Забежав на минуту в порт, в пакгауз, что напротив причала «Чайки», уже заполненный бочонками с вином, я сообщил Игнатию, что отлучусь, и сразу направился в ополченческий форт «вставать на воинский учет». Как всегда мрачный, Большой Иван открыл мне дверь, пропуская в блокгауз и молча показывая на дверь полковничьего кабинета. Жест подразумевал, что Иона сейчас на боевом посту, крепит оборону острова от всех возможных врагов.

Полковник пил чай с ватрушками — румяными, пахнущими ванилью так, что я слюну сглотнул, даром что недавно позавтракал.

— Ага, пришел? — приветствовал он меня. — Это хорошо. У тети Насти поселился?

— Верно, — кивнул я, старательно почему-то избегая псевдоуставного «Так точно». — У нее.

— Так и запишем, — подтащил он к себе что-то вроде книги учета личного состава и, макая железное перо в чернильницу, быстро вписал меня в какую-то графу. — Значит, так… будешь ты у нас в первом взводе, командиром у тебя Петр Байкин.
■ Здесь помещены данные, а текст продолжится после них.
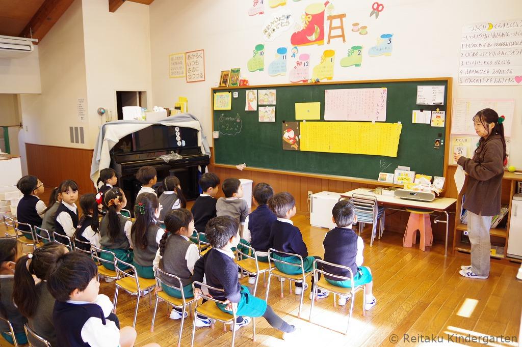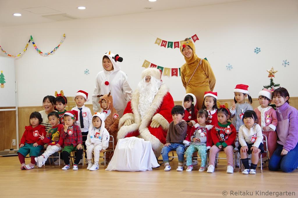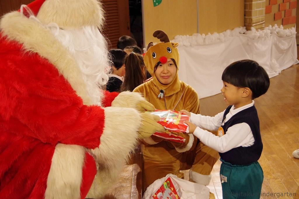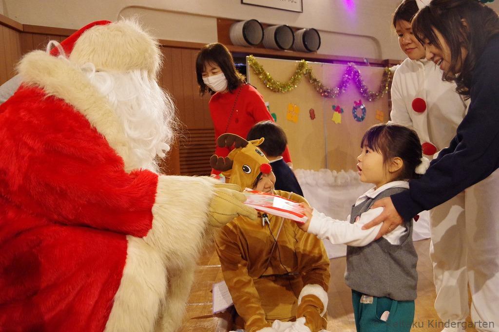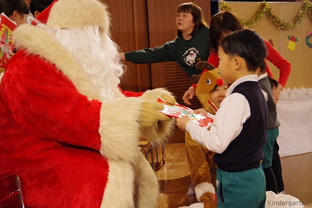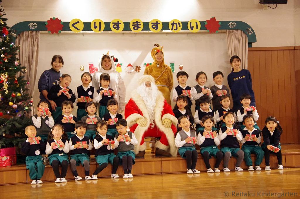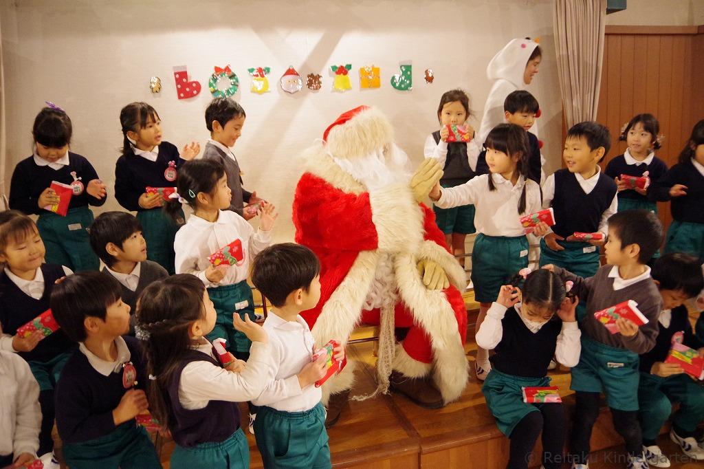 クラスごとに、サンタさんに聞いてみたかった質問をインタビューしたり、やさしく答えてくれる姿に笑顔があふれました。そして、いよいよ待ちに待ったプレゼントの時間。ひとりひとりサンタさんから手渡しでプレゼントを受け取り、クラスごとに記念写真も撮りました。
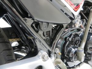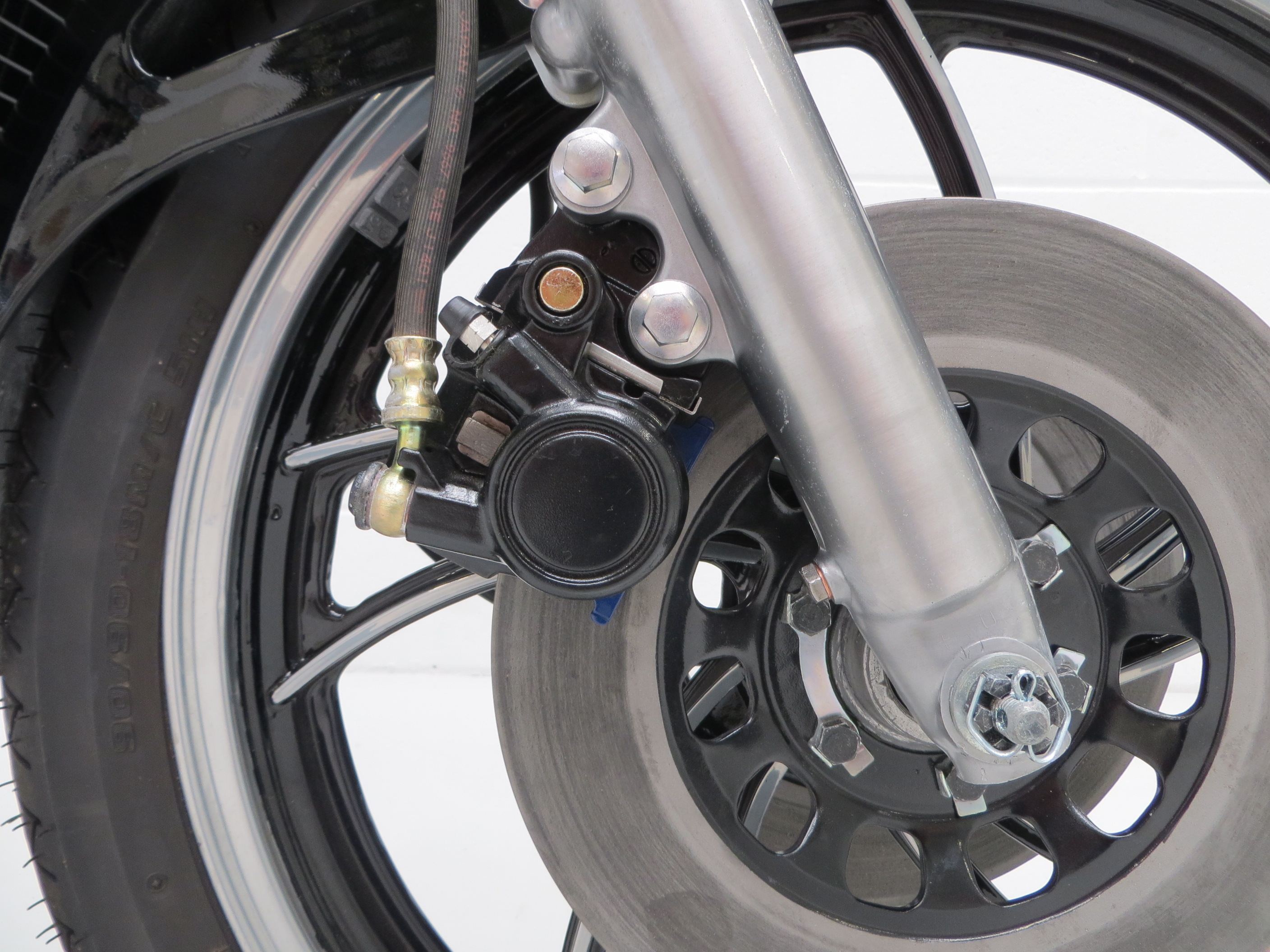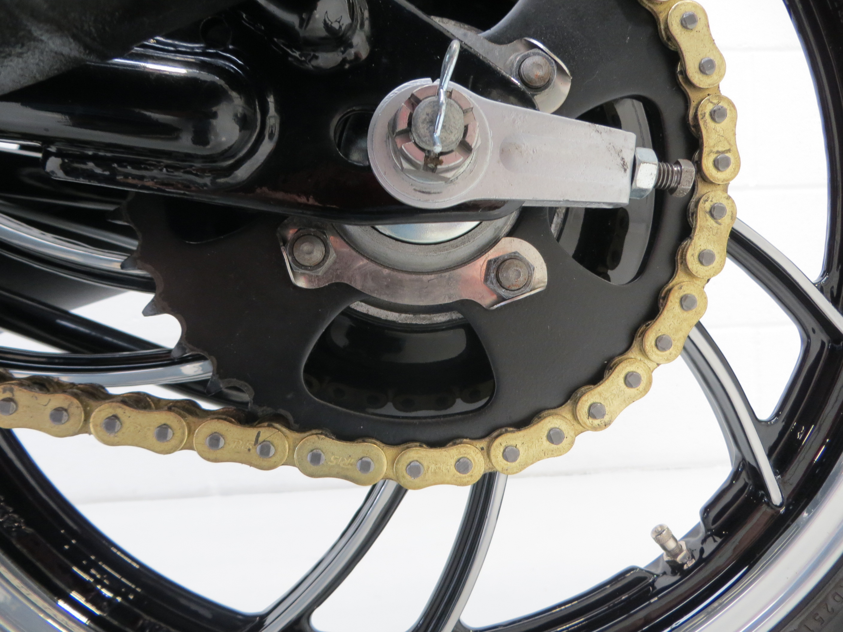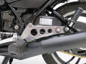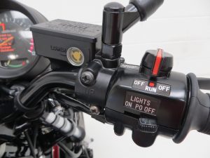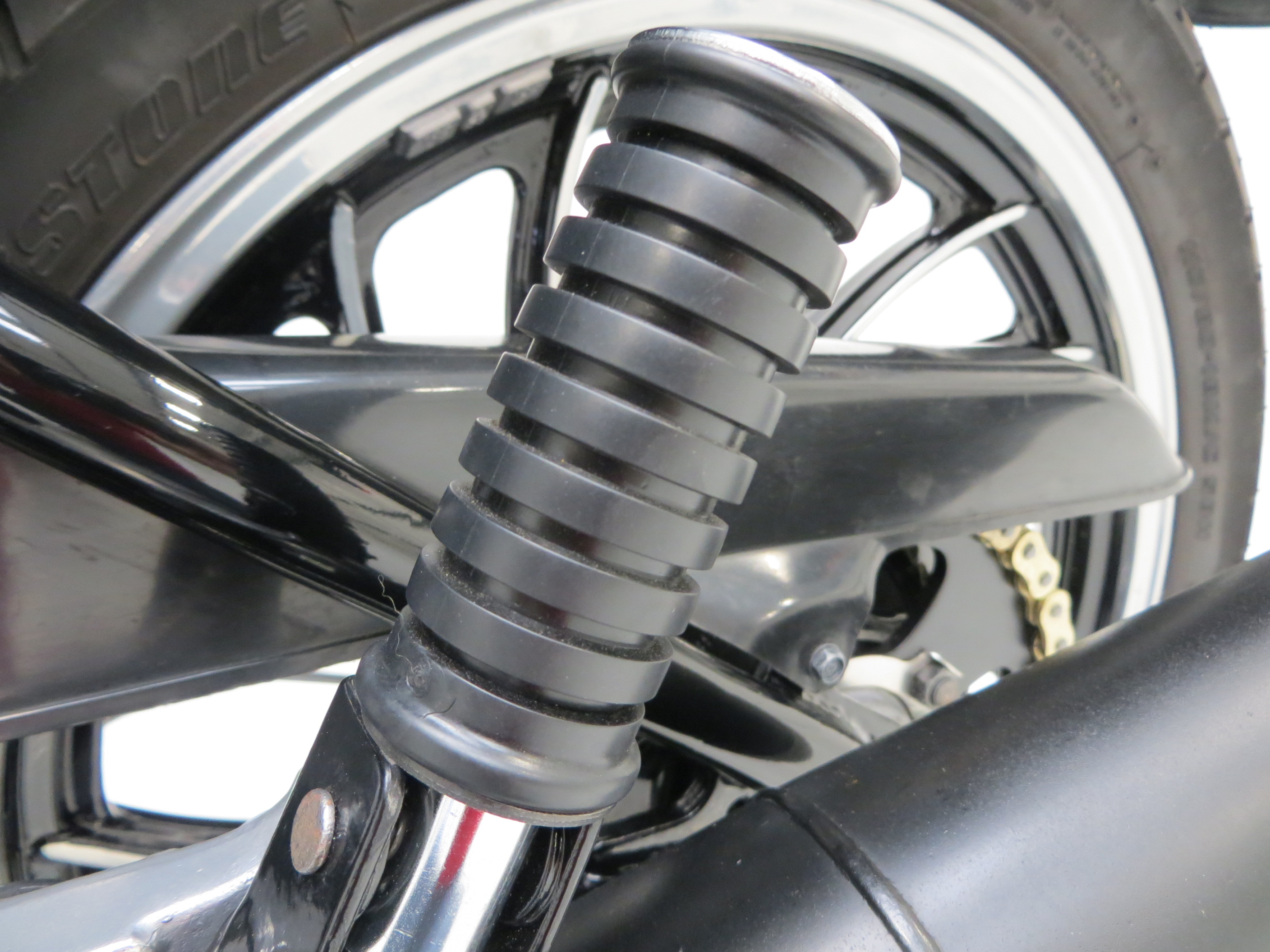 Quartz-halogen headlamp, monocross suspension, chrome rear grab rail, speedometer, tachometer, temperature gauge, ignition switch incorporating steering lock, turn signal switch, headlight switch, dimmer switch, neutral indicator, oil/brake tail light, high beam light, hi/lo tone horns, rear footrests, fuel valve, helmet holder, lockable fuel cap, circular rear reflector.

Послезавтра, кстати, вашему взводу здесь сбор. С утра, к девяти чтобы был. Понял?

— Понял, — подтвердил я и спросил в свою очередь: — По поводу похода в Новую Факторию… где добровольцев записывают?

— А здесь, — сразу заявил полковник, подходя к уже знакомому мне шкафу и вытаскивая другую книгу. — Пойдешь? А, ну да, кому еще и идти, как не тебе, — добавил он уже тише.

Записав меня теперь еще и в другую книгу, сообщил, что сбор ополчения будет в четверг, считай, на следующий день после взводного. Вот так, вроде как пошла служба.

— Винтовку получи, — добавил он. — Иван выдаст.

— Есть.

Хм… ну да. А я почему-то даже не думал, что оружие выдадут, полагал, что со своим надо. Хотя разумно, заставлять всех покупать — это «призывную базу» сильно снижать придется.

Большой Иван повел меня в оружейку, покряхтел там, повздыхал, открыл длинный ящик, выкрашенный в зеленый цвет, вытащил оттуда не слишком длинную винтовку, скорее даже карабин, протянул мне:

— Смотри.

А ничего нового. Обработка стали — удивительная по аккуратности, ложи — чуть проще, но тоже хоть куда, отличная работа. Ствол ложей закрыт со всех сторон — не охотничья конструкция, а военная, под рукопашный бой рассчитана. Штыка нет и не предусмотрен — похоже, что в рукопашной расчет на револьверы и мачете, которые у каждого есть. При этом винтовка рычажная, как мой карабин под револьверный патрон, только магазин внутренний, как на традиционных «болтах». Все правильно, война тут не окопная, а где-то в зарослях или на палубе с такой куда ловчее управишься, скорострельность и точность будут выше. Прицел размечен до километра. Кстати, если кто такой умный и думает, что этого не надо, дальше пятисот без оптики не прицелишься, — то ему надо объяснить, что так размечалось всегда для залповой стрельбы. По цели размером «пехотная рота».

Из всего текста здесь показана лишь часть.